§ **The records**
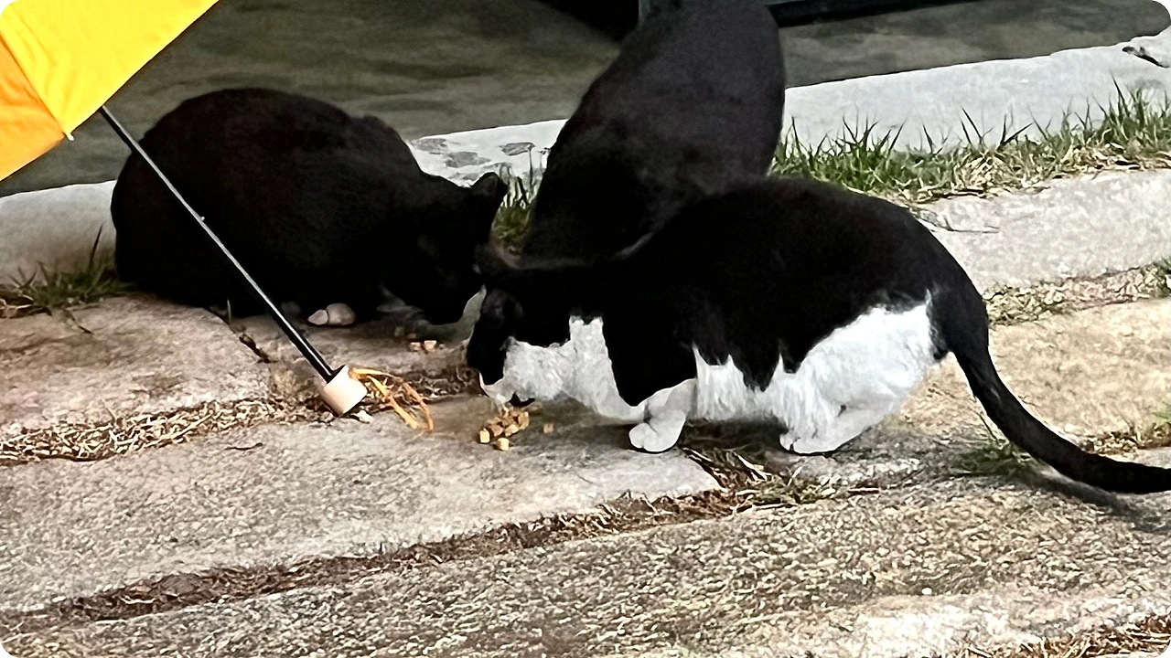 같은 급식소에서 엄마냥이가 모습을 드러냈고, 그 뒤로 조용히 따라오는 루나도 보였습니다.
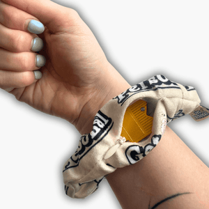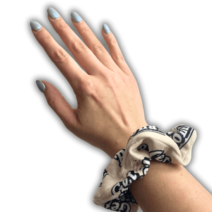 Love this comfy get personal scrunchie with a stashy part, i love keeping some small belongings in it, the material is really good quality and you can wear it in your hair, on your wrist or even on your ankle which is where I wear it when I go out with my friends and need to keep my house key safe! I love all the scrunchies and collect them all now as they are the best. I love the design of this one xx
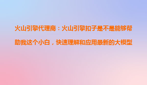 2025-10-27火山引擎扣子:助力技術小白輕松駕馭大模型 在大模型技術快速發展的今天,許多非技術背景的用戶也對AI應用充滿興趣,卻苦于技術門檻過高。作為火山引擎的代理商,我們認為火山引擎扣子(VolcanoEngineCoze)恰好...
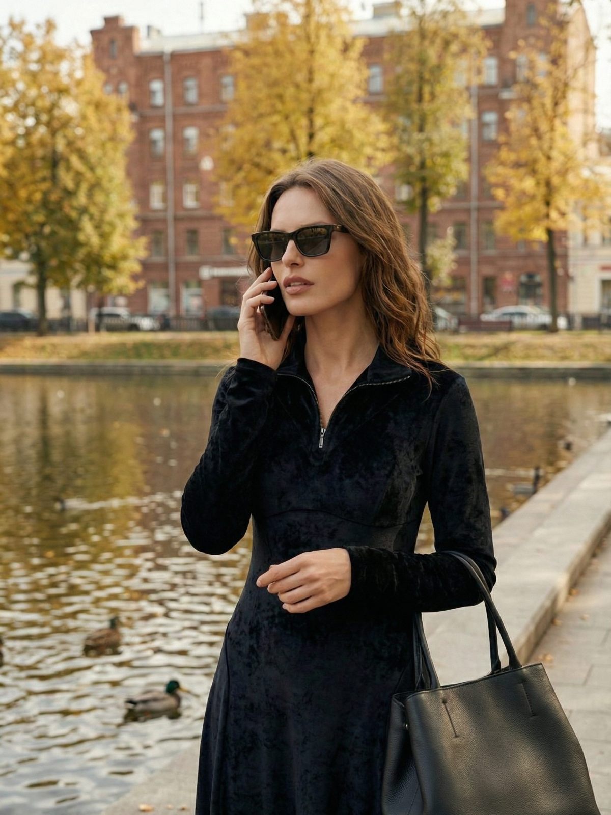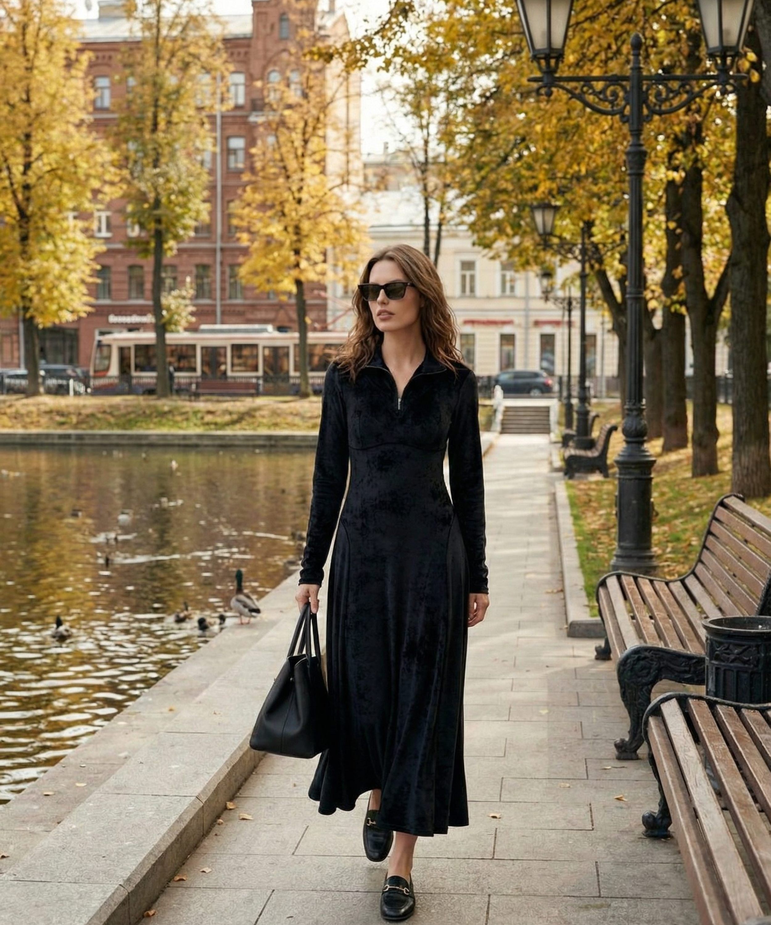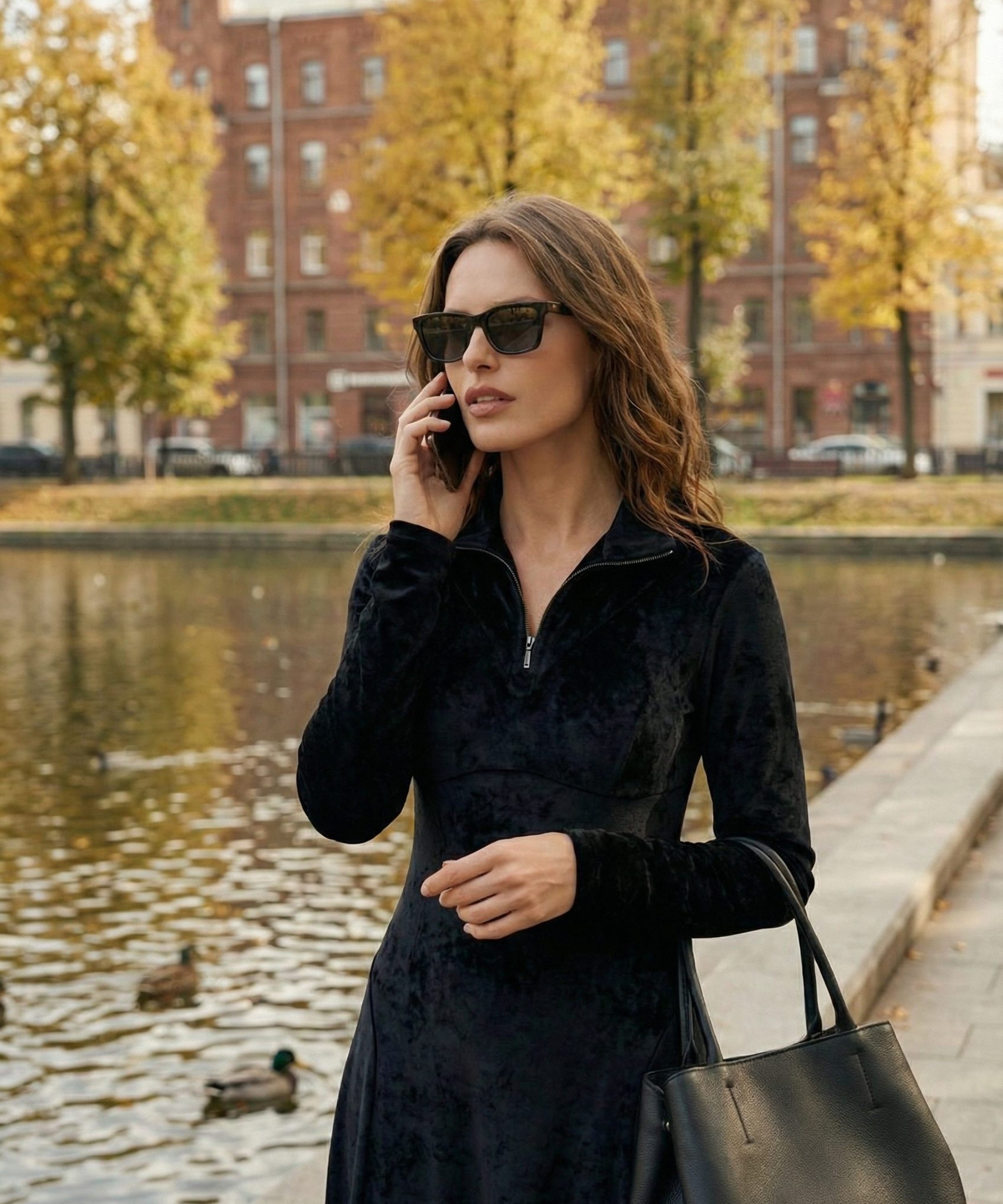 Ключевая модель лимитированного дропа Villains Academy - платье "Готика", выполнено из материала велюр, в составе которого 92% полиэстера 8% спандекса. Материал тянущийся, очень приятный к телу и отлично садится по фигуре. Платье имеет фигурные швы в области талии и груди, высокое горло и молнию, которая дает возможность регулировать горловину.
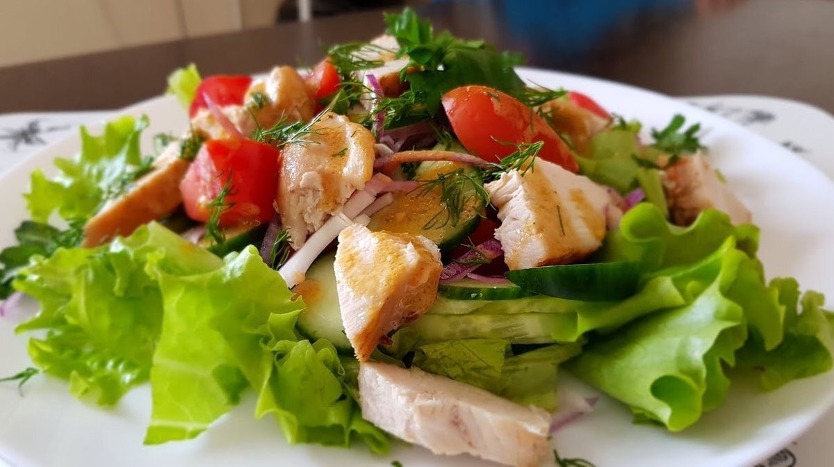 Ингредиенты: Филе куриное-400гр, капуста пекинская-200гр, помидоры-4шт, яйца-2шт, огурец-1шт, перец сладкий-2шт, йогурт натуральный-200гр, масло оливковое-2ст.л, соль, перец-по вкусу. Приготовление: Куриное филе нарезать на не слишком толстые кусочки (каждый весом примерно 100г). Слегка отбить молоточком. Посолить и поперчить. Обжарить на сковороде в 1 ст.л. оливкового масла до готовности. Снять мясо со сковороды и дать остыть. Пекинскую капусту (только листья) порвать на кусочки. Огурец и сладкий перец нарезать соломкой. Выложить овощи на капусту, приправить по вкусу. Куриное филе нарезать на длинные полоски. Выложить к овощам. Приготовить заправку: смешать натуральный йогурт, 1 ст.л. оливкового масла, соль и перец. Полить заправкой овощи и курицу, выложить на салат нарезанное отварное яйцо и дольки помидоров. Приправить по вкусу. Сразу подавать к столу. Приятного аппетита!
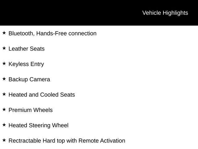 Bluetooth, Hands-Free connection, Leather Seats, Keyless Entry, Backup Camera, Heated and Cooled Seats, Premium Wheels, Heated Steering Wheel, Rectractable Hard top with Remote Activation.Tax, title, license and $249.00 document preparation fee are extra. Pricing will not include additional installed accessories. Not available with special finance or lease offers. We make every reasonable effort possible to present information and pricing that is true and accurate. Some information provided may come from third party sources. To ensure your complete satisfaction, please verify the accuracy prior to your purchase. It is the responsibility of the consumer to verify the accuracy of information listed.
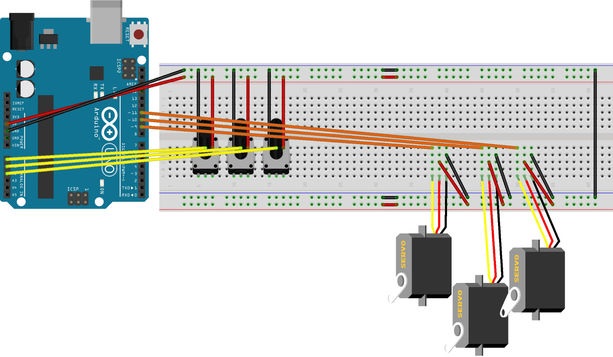 - Connect GND and VCC in the three Potentiometer commonly to the Arduino board.

§ **Work task**
Copy out all the data above exactly, minus the images.

§ **Answer**
 같은 급식소에서 엄마냥이가 모습을 드러냈고, 그 뒤로 조용히 따라오는 루나도 보였습니다.
 Love this comfy get personal scrunchie with a stashy part, i love keeping some small belongings in it, the material is really good quality and you can wear it in your hair, on your wrist or even on your ankle which is where I wear it when I go out with my friends and need to keep my house key safe! I love all the scrunchies and collect them all now as they are the best. I love the design of this one xx
 2025-10-27火山引擎扣子:助力技術小白輕松駕馭大模型 在大模型技術快速發展的今天,許多非技術背景的用戶也對AI應用充滿興趣,卻苦于技術門檻過高。作為火山引擎的代理商,我們認為火山引擎扣子(VolcanoEngineCoze)恰好...
 Ключевая модель лимитированного дропа Villains Academy - платье "Готика", выполнено из материала велюр, в составе которого 92% полиэстера 8% спандекса. Материал тянущийся, очень приятный к телу и отлично садится по фигуре. Платье имеет фигурные швы в области талии и груди, высокое горло и молнию, которая дает возможность регулировать горловину.
 Ингредиенты: Филе куриное-400гр, капуста пекинская-200гр, помидоры-4шт, яйца-2шт, огурец-1шт, перец сладкий-2шт, йогурт натуральный-200гр, масло оливковое-2ст.л, соль, перец-по вкусу. Приготовление: Куриное филе нарезать на не слишком толстые кусочки (каждый весом примерно 100г). Слегка отбить молоточком. Посолить и поперчить. Обжарить на сковороде в 1 ст.л. оливкового масла до готовности. Снять мясо со сковороды и дать остыть. Пекинскую капусту (только листья) порвать на кусочки. Огурец и сладкий перец нарезать соломкой. Выложить овощи на капусту, приправить по вкусу. Куриное филе нарезать на длинные полоски. Выложить к овощам. Приготовить заправку: смешать натуральный йогурт, 1 ст.л. оливкового масла, соль и перец. Полить заправкой овощи и курицу, выложить на салат нарезанное отварное яйцо и дольки помидоров. Приправить по вкусу. Сразу подавать к столу. Приятного аппетита!
 Bluetooth, Hands-Free connection, Leather Seats, Keyless Entry, Backup Camera, Heated and Cooled Seats, Premium Wheels, Heated Steering Wheel, Rectractable Hard top with Remote Activation.Tax, title, license and $249.00 document preparation fee are extra. Pricing will not include additional installed accessories. Not available with special finance or lease offers. We make every reasonable effort possible to present information and pricing that is true and accurate. Some information provided may come from third party sources. To ensure your complete satisfaction, please verify the accuracy prior to your purchase. It is the responsibility of the consumer to verify the accuracy of information listed.
 - Connect GND and VCC in the three Potentiometer commonly to the Arduino board.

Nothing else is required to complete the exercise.